** TASK TO COMPLETE **
Write the data out again exactly, with no pictures.

** AVAILABLE DATA **
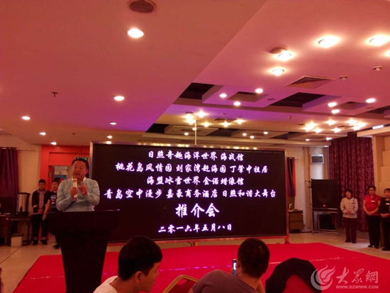8日上午,日照市旅游景区推介会在嘉豪大酒店来开帷幕。日照奇趣海洋世界、海战馆、桃花岛风情园、刘家湾赶海园、丁肇中故居、海盟冰雪世界、金诺蜡像馆、空中漫步、日照和谐大舞台等多家景区“抱团出击”,联合推出日照旺季热门景点套票、特价旅游线路和精彩的节目表演,将现场气氛推向高潮,掀起了一阵日照旅游风。
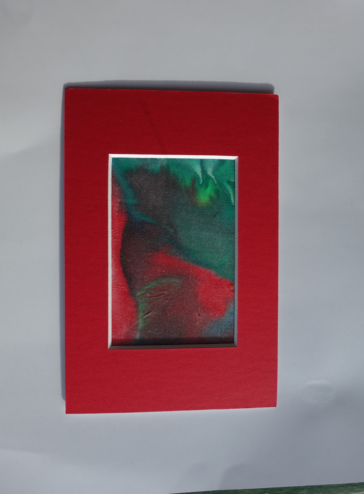ruční malba na hedvábí, obrázek v paspartě, podlepené samolepící folií, rozměr 10x13cm
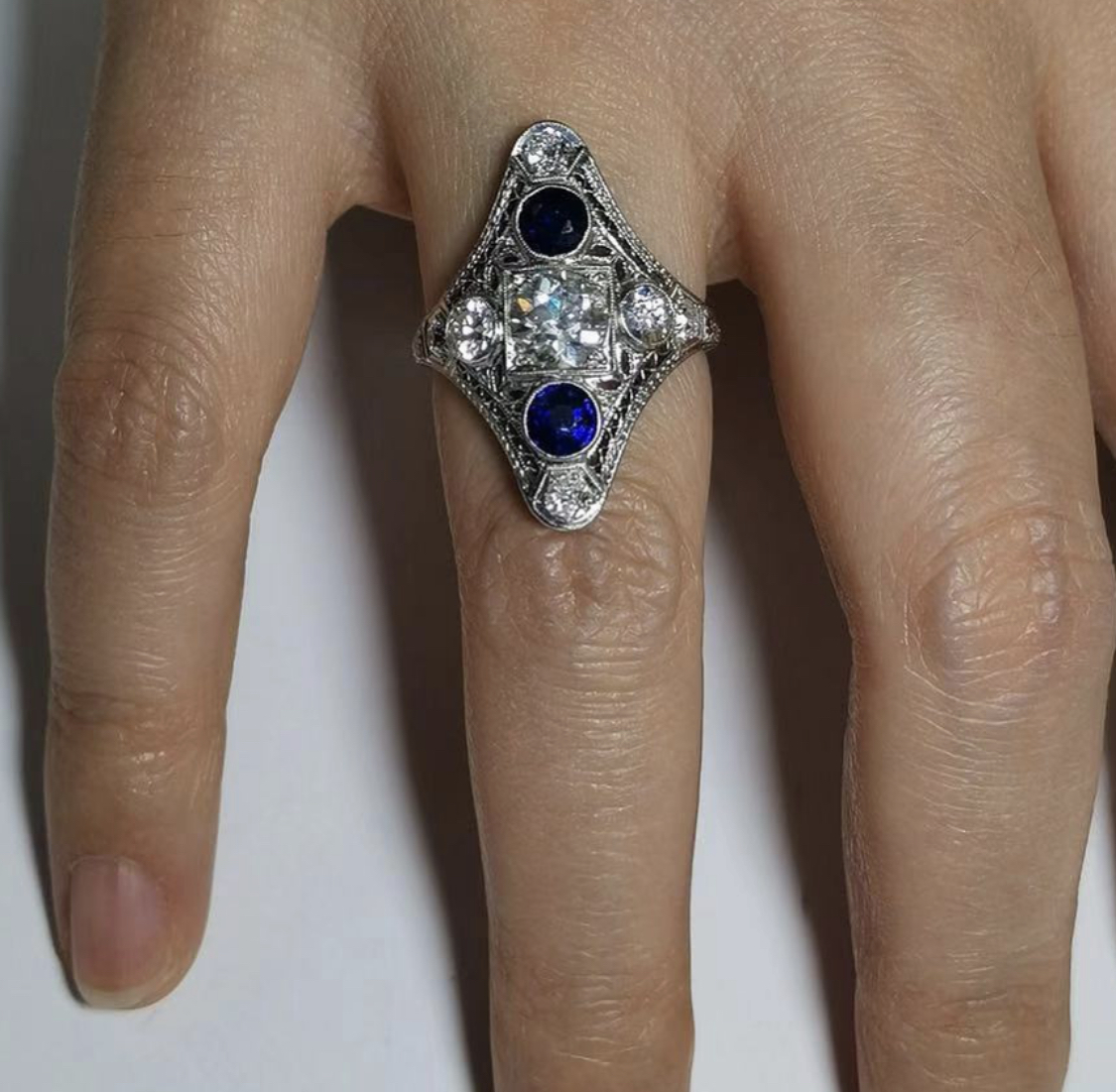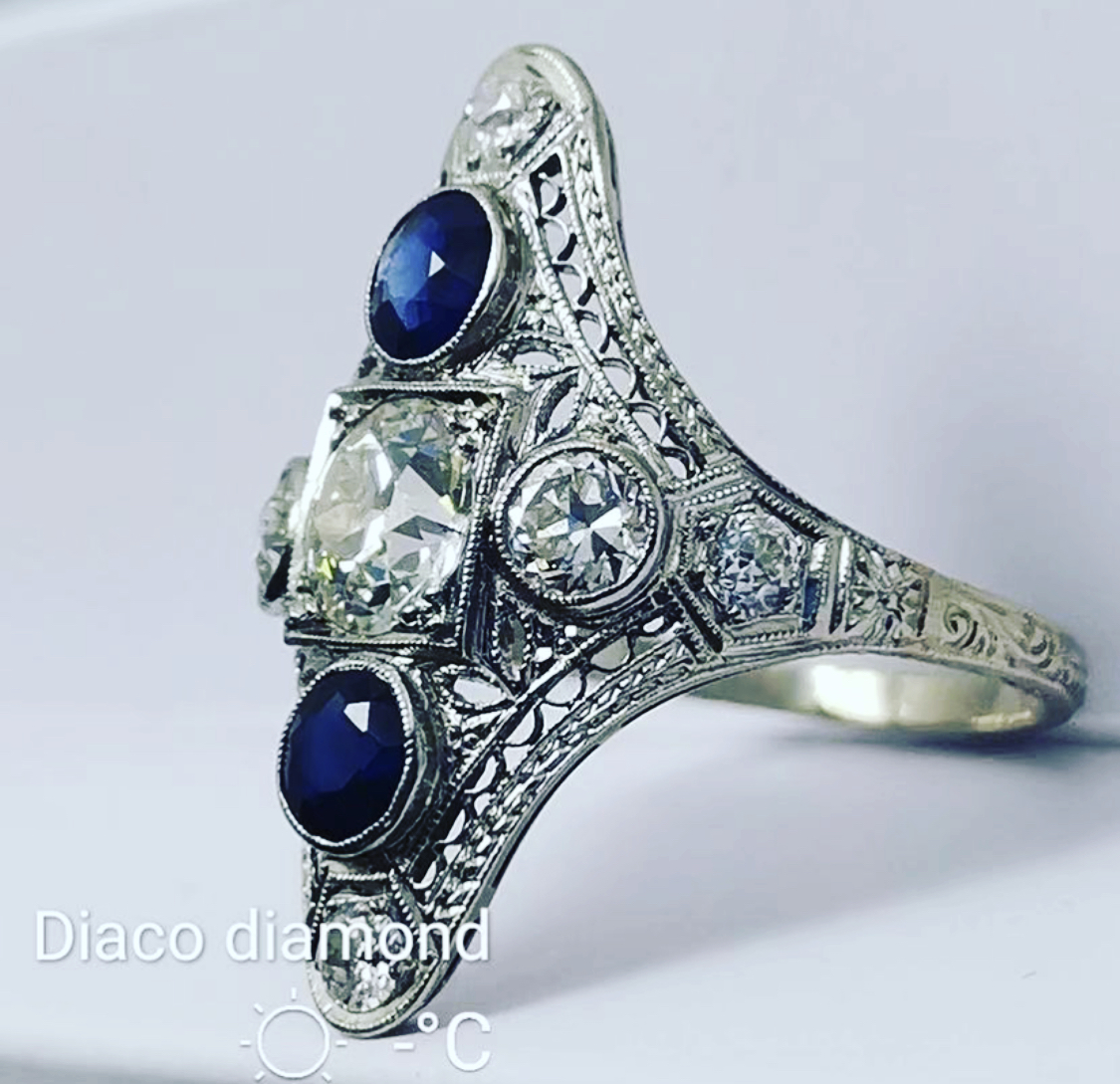 The Deneb Star Ring is an Art Deco Ring circa 1920! This ring has one center an old European cut diamond of approximately .65-.70 carat H-I color, SI1+ clarity. The diamond is decorated with round shape Sapphires. An additional 6 diamonds decorate the platinum setting with open metal work., exceptional hand engraving, total gem weight 1.90 carat, ring is size 7 and can be resized!

** RESPONSE TO THIS TASK **
8日上午,日照市旅游景区推介会在嘉豪大酒店来开帷幕。日照奇趣海洋世界、海战馆、桃花岛风情园、刘家湾赶海园、丁肇中故居、海盟冰雪世界、金诺蜡像馆、空中漫步、日照和谐大舞台等多家景区“抱团出击”,联合推出日照旺季热门景点套票、特价旅游线路和精彩的节目表演,将现场气氛推向高潮,掀起了一阵日照旅游风。
ruční malba na hedvábí, obrázek v paspartě, podlepené samolepící folií, rozměr 10x13cm
 The Deneb Star Ring is an Art Deco Ring circa 1920! This ring has one center an old European cut diamond of approximately .65-.70 carat H-I color, SI1+ clarity. The diamond is decorated with round shape Sapphires. An additional 6 diamonds decorate the platinum setting with open metal work., exceptional hand engraving, total gem weight 1.90 carat, ring is size 7 and can be resized!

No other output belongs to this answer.